Testing pool_forward_fast:
Naive: 0.296182s
fast: 0.004988s
speedup: 59.382266x
difference: 0.0

Testing pool_backward_fast:
Naive: 0.813053s
fast: 0.010970s
speedup: 74.115296x
dx difference: 0.0

也是快了很多

卷积层的“三明治”

def conv_relu_pool_forward(x, w, b, conv_param, pool_param):
    """
    Convenience layer that performs a convolution, a ReLU, and a pool.

    Inputs:
    - x: Input to the convolutional layer
    - w, b, conv_param: Weights and parameters for the convolutional layer
    - pool_param: Parameters for the pooling layer

    Returns a tuple of:
    - out: Output from the pooling layer
    - cache: Object to give to the backward pass
    """
    a, conv_cache = conv_forward_fast(x, w, b, conv_param) # 卷积层
    s, relu_cache = relu_forward(a) # 激活函数
    out, pool_cache = max_pool_forward_fast(s, pool_param) # 池化层
    cache = (conv_cache, relu_cache, pool_cache)
    return out, cache


def conv_relu_pool_backward(dout, cache):
    """
    Backward pass for the conv-relu-pool convenience layer
    """
    conv_cache, relu_cache, pool_cache = cache
    ds = max_pool_backward_fast(dout, pool_cache) # 池化层
    da = relu_backward(ds, relu_cache) # 激活函数
    dx, dw, db = conv_backward_fast(da, conv_cache) # 卷积层
    return dx, dw, db

Testing conv_relu_pool
dx error: 6.514336569263308e-09
dw error: 1.490843753539445e-08
db error: 2.037390356217257e-09

def conv_relu_forward(x, w, b, conv_param):
    """
    A convenience layer that performs a convolution followed by a ReLU.

    Inputs:
    - x: Input to the convolutional layer
    - w, b, conv_param: Weights and parameters for the convolutional layer

    Returns a tuple of:
    - out: Output from the ReLU
    - cache: Object to give to the backward pass
    """
    a, conv_cache = conv_forward_fast(x, w, b, conv_param) #卷积层
    out, relu_cache = relu_forward(a) #激活函数
    cache = (conv_cache, relu_cache) #保存结果给后向传播
    return out, cache


def conv_relu_backward(dout, cache):
    """
    Backward pass for the conv-relu convenience layer.
    """
    conv_cache, relu_cache = cache
    da = relu_backward(dout, relu_cache)
    dx, dw, db = conv_backward_fast(da, conv_cache)
    return dx, dw, db

Testing conv_relu:
dx error: 3.5600610115232832e-09
dw error: 2.2497700915729298e-10
db error: 1.3087619975802167e-10

完成一个3层的卷积网络，结果为：conv - relu - 2x2 max pool - affine - relu - affine - softmax

class ThreeLayerConvNet(object):
    """
    A three-layer convolutional network with the following architecture:

    conv - relu - 2x2 max pool - affine - relu - affine - softmax

    The network operates on minibatches of data that have shape (N, C, H, W)
    consisting of N images, each with height H and width W and with C input
    channels.
    """

    def __init__(self, input_dim=(3, 32, 32), num_filters=32, filter_size=7,
                 hidden_dim=100, num_classes=10, weight_scale=1e-3, reg=0.0,
                 dtype=np.float32):
        """
        Initialize a new network.

        Inputs:
        - input_dim: Tuple (C, H, W) giving size of input data
        - num_filters: Number of filters to use in the convolutional layer
        - filter_size: Width/height of filters to use in the convolutional layer
        - hidden_dim: Number of units to use in the fully-connected hidden layer
        - num_classes: Number of scores to produce from the final affine layer.
        - weight_scale: Scalar giving standard deviation for random initialization
          of weights.
        - reg: Scalar giving L2 regularization strength
        - dtype: numpy datatype to use for computation.
        """
        self.params = {}
        self.reg = reg
        self.dtype = dtype

        ############################################################################
        # TODO: Initialize weights and biases for the three-layer convolutional    #
        # network.
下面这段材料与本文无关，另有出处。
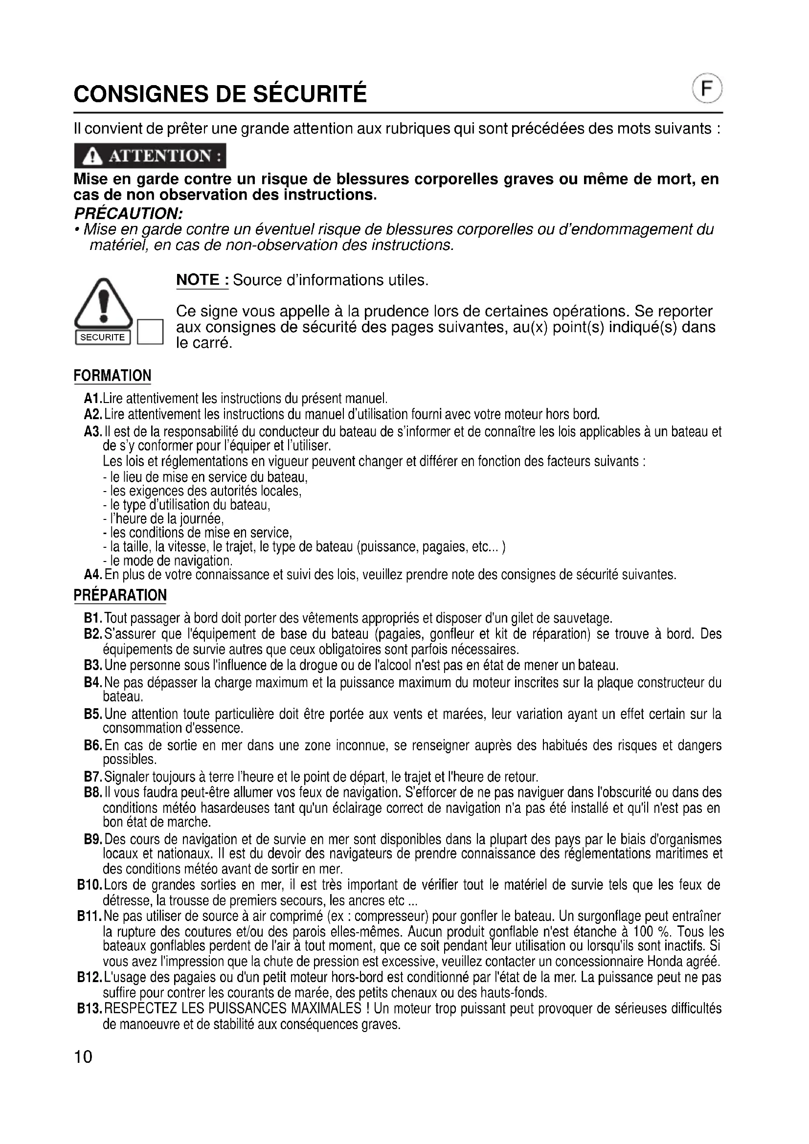 - Mise en garde contre un éventuel risque de blessures corporelles ou d’endommagement du matériel, en cas de non-observation des instructions. NOTE : Source d’informations utiles. Ce signe vous appelle à la prudence lors de certaines opérations. Se reporter aux consignes de sécurité des pages suivantes, au(x) point(s) indiqué(s) dans le carré. FORMATION A1.Lire attentivement les instructions du présent manuel. A2.Lire attentivement les instructions du manuel d’utilisation fourni avec votre moteur hors bord. A3.Il est de la responsabilité du conducteur du bateau de s’informer et de connaître les lois applicables à un bateau et de s’y conformer pour l’équiper et l’utiliser. Les lois et réglementations en vigueur peuvent changer et différer en fonction des facteurs suivants : - le lieu de mise en service du bateau, - les exigences des autorités locales, - le type d’utilisation du bateau, - l’heure de la journée, - les conditions de mise en service, - la taille, la vitesse, le trajet, le type de bateau (puissance, pagaies, etc... ) - le mode de navigation. A4.En plus de votre connaissance et suivi des lois, veuillez prendre note des consignes de sécurité suivantes. PRÉPARATION B1.Tout passager à bord doit porter des vêtements appropriés et disposer d'un gilet de sauvetage. B2.S’assurer que l'équipement de base du bateau (pagaies, gonfleur et kit de réparation) se trouve à bord. Des équipements de survie autres que ceux obligatoires sont parfois nécessaires. B3.Une personne sous l'influence de la drogue ou de l'alcool n'est pas en état de mener un bateau. B4.Ne pas dépasser la charge maximum et la puissance maximum du moteur inscrites sur la plaque constructeur du bateau. B5.Une attention toute particulière doit être portée aux vents et marées, leur variation ayant un effet certain sur la consommation d'essence. B6.En cas de sortie en mer dans une zone inconnue, se renseigner auprès des habitués des risques et dangers possibles. B7.Signaler toujours à terre l’heure et le point de départ, le trajet et l'heure de retour. B8.Il vous faudra peut-être allumer vos feux de navigation. S’efforcer de ne pas naviguer dans l'obscurité ou dans des conditions météo hasardeuses tant qu'un éclairage correct de navigation n'a pas été installé et qu'il n'est pas en bon état de marche. B9.Des cours de navigation et de survie en mer sont disponibles dans la plupart des pays par le biais d'organismes locaux et nationaux. II est du devoir des navigateurs de prendre connaissance des réglementations maritimes et des conditions météo avant de sortir en mer. B10.Lors de grandes sorties en mer, il est très important de vérifier tout le matériel de survie tels que les feux de détresse, la trousse de premiers secours, les ancres etc ... B11.Ne pas utiliser de source à air comprimé (ex : compresseur) pour gonfler le bateau. Un surgonflage peut entraîner la rupture des coutures et/ou des parois elles-mêmes. Aucun produit gonflable n'est étanche à 100 %. Tous les bateaux gonflables perdent de l'air à tout moment, que ce soit pendant leur utilisation ou lorsqu'ils sont inactifs. Si vous avez l'impression que la chute de pression est excessive, veuillez contacter un concessionnaire Honda agréé. B12.L'usage des pagaies ou d'un petit moteur hors-bord est conditionné par l'état de la mer. La puissance peut ne pas suffire pour contrer les courants de marée, des petits chenaux ou des hauts-fonds. B13.RESPECTEZ LES PUISSANCES MAXIMALES ! Un moteur trop puissant peut provoquer de sérieuses difficultés de manoeuvre et de stabilité aux conséquences graves. SECURITE om_T40_2006_D-GB-F.book Page 10 Jeudi, 16. octobre 2008 1:20 1311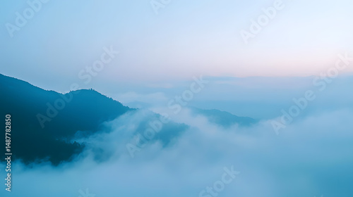 Soft atmospheric transition mountain range nature landscape misty environment aerial view sky blue concept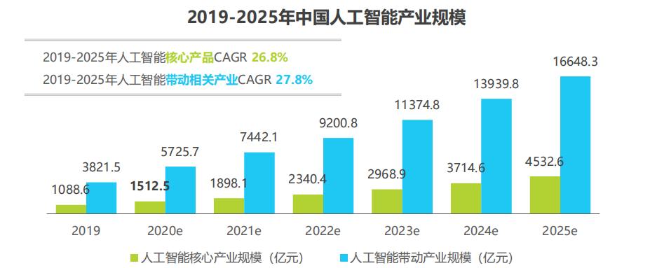 根据艾瑞咨询最新发布的《2020年中国人工智能产业研究报告》,2020年人工智能产业达到超过 1500 亿元规模;到2025年,产业规模预计超过 4500 亿元,增幅将超过 300%。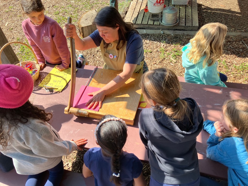 During our Teamwork Challenge, trios of participants made a paper chain, emphasizing the core values of teamwork and problem solving. We introduced the paper cutter, first discussing how it works (the handle acts as a lever; the blade slices the paper into strips) and what the important safety precautions are (keep fingers clear of the blade!). After distributing stacks of colorful strips, participants worked together to secure them into interlocking loops. Two problems we solved through teamwork were: how to work in the wind and how to best utilize our (not very sticky) tape.

Weights should be initialized from a Gaussian centered at 0.0   #
        # with standard deviation equal to weight_scale; biases should be          #
        # initialized to zero. All weights and biases should be stored in the      #
        #  dictionary self.params. Store weights and biases for the convolutional  #
        # layer using the keys 'W1' and 'b1'; use keys 'W2' and 'b2' for the       #
        # weights and biases of the hidden affine layer, and keys 'W3' and 'b3'    #
        # for the weights and biases of the output affine layer.                   #
        #                                                                          #
        # IMPORTANT: For this assignment, you can assume that the padding          #
        # and stride of the first convolutional layer are chosen so that           #
        # **the width and height of the input are preserved**. Take a look at      #
        # the start of the loss() function to see how that happens.                #                           
        ############################################################################
        C,H,W  = input_dim #输入数据的size C-channels，H-height，W-width
        self.params['W1'] = np.random.randn(num_filters,C,filter_size,filter_size) * weight_scale
        #高斯分布(N,C,L,L) N个filter，每个filter都是L*L，C个channel
        self.params['b1'] = np.zeros(num_filters,) #(32,1)
        self.params['W2'] = np.random.randn(num_filters * H * W // 4,hidden_dim) * weight_scale
        #高斯分布 这一层是全连接层，输入的维数是N*H*W/4,除以4是因为通过了max_pooling层,因为通过padding保留了原来大小，输出是hidden_dim的维数
        self.params['b2'] = np.zeros(hidden_dim,) #(100,1)
        self.params['W3'] = np.random.randn(hidden_dim,num_classes) * weight_scale
        #高斯分布(100,10) 全连接层，输入维数hidden_dim,输出是num_classes
        self.params['b3'] = np.zeros(num_classes,) #(10,1)
        ############################################################################
        #                             END OF YOUR CODE                             #
        ############################################################################

        for k, v in self.params.items():
            self.params[k] = v.astype(dtype)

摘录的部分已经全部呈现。